Unless otherwise permitted by this policy, you must not:

·
purchase, sell, gift or otherwise transfer any security of the Company while you possess material nonpublic information about the Company;
·
purchase, sell, gift or otherwise transfer any security of any other company, while you possess material nonpublic information about the other company that you obtained in connection with your employment by or service to the Company;
·
directly or indirectly communicate material nonpublic information to anyone outside the Company unless you follow Company policy regarding confidential information; or
·
directly or indirectly communicate material nonpublic information to anyone within the Company except on a need-to-know basis.

For this purpose:

·
securities include stocks, bonds, notes, debentures, options, warrants, equity and other convertible securities, as well as derivative instruments;

 


 

·
purchase includes not only the actual purchase of a security, but also any contract to purchase or otherwise acquire a security;
·
sale includes not only the actual sale of a security, but also any contract to sell or otherwise dispose of a security;
·
material means likely to have a significant effect on the market price of the security (also understood to mean a substantial likelihood that a reasonable investor would consider the information important in making an investment decision); and
·
nonpublic means not broadly disseminated to the general public so that investors have been able to factor the information into the market price of the security.

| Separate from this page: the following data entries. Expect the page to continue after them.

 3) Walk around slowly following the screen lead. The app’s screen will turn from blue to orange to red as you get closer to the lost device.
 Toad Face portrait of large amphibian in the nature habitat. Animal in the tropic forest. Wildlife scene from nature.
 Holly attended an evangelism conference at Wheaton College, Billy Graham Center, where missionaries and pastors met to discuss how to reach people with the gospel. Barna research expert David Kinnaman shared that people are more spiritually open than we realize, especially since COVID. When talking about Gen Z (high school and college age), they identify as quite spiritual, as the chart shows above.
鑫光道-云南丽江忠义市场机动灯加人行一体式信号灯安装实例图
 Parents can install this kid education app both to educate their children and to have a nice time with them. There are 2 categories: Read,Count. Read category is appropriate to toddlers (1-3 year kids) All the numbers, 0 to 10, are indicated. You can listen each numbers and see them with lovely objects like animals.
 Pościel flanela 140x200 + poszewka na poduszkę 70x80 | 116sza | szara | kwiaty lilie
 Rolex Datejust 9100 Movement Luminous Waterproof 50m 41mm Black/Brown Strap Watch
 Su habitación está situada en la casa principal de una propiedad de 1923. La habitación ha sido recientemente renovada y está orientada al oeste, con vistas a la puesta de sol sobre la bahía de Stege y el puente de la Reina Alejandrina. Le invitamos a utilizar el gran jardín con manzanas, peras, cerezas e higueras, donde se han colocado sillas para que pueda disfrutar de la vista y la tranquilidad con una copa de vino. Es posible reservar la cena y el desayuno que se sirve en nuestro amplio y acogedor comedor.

Material information can be positive or negative and can relate to virtually any aspect of a company’s business or to any type of security, debt, or equity. Also, information that something is likely to happen in the future—or even just that it may happen—could be deemed material. Moreover, material information does not have to be related to a company’s business. For example, the contents of a forthcoming newspaper column that is expected to affect the market price of a security can be material.

To understand how these terms apply to specific circumstances, or for any other questions about this policy, you should ask the Company’s Chief Executive Officer or Chief Financial Officer or his or her designee (each, a “Compliance Officer”).

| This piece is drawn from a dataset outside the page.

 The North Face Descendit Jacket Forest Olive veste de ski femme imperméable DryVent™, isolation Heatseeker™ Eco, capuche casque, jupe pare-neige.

Quarterly Blackout Periods

The Compliance Officers will designate a list of persons who (with their controlled entities and household members) must not purchase, sell, gift or otherwise transfer any security of the Company during any blackout period, except as otherwise permitted by this policy.

The quarterly blackout period:

·
begins at 11:59 p.m. on the 14th calendar day of the last month of each fiscal quarter; and
·
ends after completion of one trading day after the public release of earnings data for that quarter (for example, if the Company were to make an announcement on Monday prior to 9:30 a.m. Eastern Time, then the blackout period would terminate after the close of trading on Monday).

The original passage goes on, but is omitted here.